Since the Kilmer court was focused on the value of the gas at the physical wellhead and it agreed with the drillers’ suggestion that a royalty is a share of the gas that is produced from the ground, then the Kilmer panel should have held that the GMRA required the royalty to be based on the value of the entire volume of gas that was actually produced at the wellhead. But, the Court did not do this. Remarkably, the Court concluded that the GMRA sanctioned the royalty calculation in the underlying lease, which expressly allowed the driller to avoid paying for volumes that were produced – but did not go to market. The royalty provision in the Kilmer lease is directly at-odds with the reasoning expressed in the decision about why the wellhead was the point of royalty valuation. This significantly undermines the entire decision.
Where do we go from here?
Although ten years have passed since Kilmer was decided, the decision still impacts and shapes the relationship between landowners and drillers. The Pennsylvania Supreme Court’s flawed reasoning has been wrongfully and dangerously expanded beyond the narrow issue that was actually before the court ( i.e. application of the GMRA). Many drillers now contend that Kilmer has re-written every oil and gas lease in the Commonwealth and that Kilmer allows them to deduct post-production costs regardless of the actual lease language. Nothing can be further from the truth. In reality, the Kilmer opinion did not authorize or expand the ability to deduct post-production costs and did not re-write or change any leases. Nonetheless, the “net-back” method is continually (and wrongfully) used to calculate royalties under the auspices of the “Kilmer Rule”. But, no such rule exists.

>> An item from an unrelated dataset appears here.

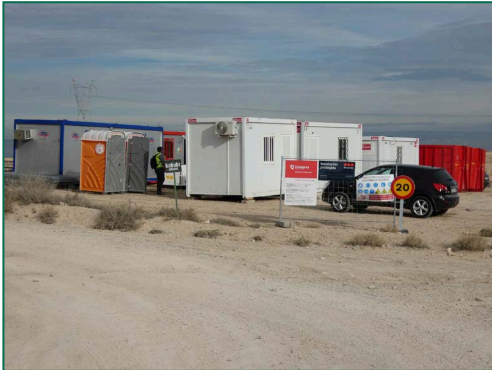
Fotografía 14. Vestuarios, servicios y contenedores de residuos.

The Kilmer decision and its strained (and flawed) reasoning shows why it is necessary for courts, royalty owners and drillers to evaluate each lease based on the actual terms of that particular oil and gas lease. The idea that Kilmer created a “one size fits all” approach to post-production costs was correctly rejected by the federal district court in Marburger v. XTO Energy ( No. 15-190, W.D. Pa. January 26 2016) and the authors submit that the rationale espoused by the Marburger opinion should guide future courts when confronted with the fallacy of a “Kilmer Rule” argument. The Marburger court rejected XTO’s effort to superimpose the “Kilmer Rule” onto each and every lease holding that “[X]TO has failed to show that Kilmer forecloses ( a deduction challenge) when the leases do not specify the method for calculating royalties…” If the relationship between the landowner and the driller is governed by the lease contract, then the lease contract alone should dictate how the royalty is calculated and paid. If you are a landowner, take a look at your lease and your royalty statement. If post-production costs are being deducted and the lease does not authorize or allow those deductions, an improper and expansive reading of Kilmer may be the reason.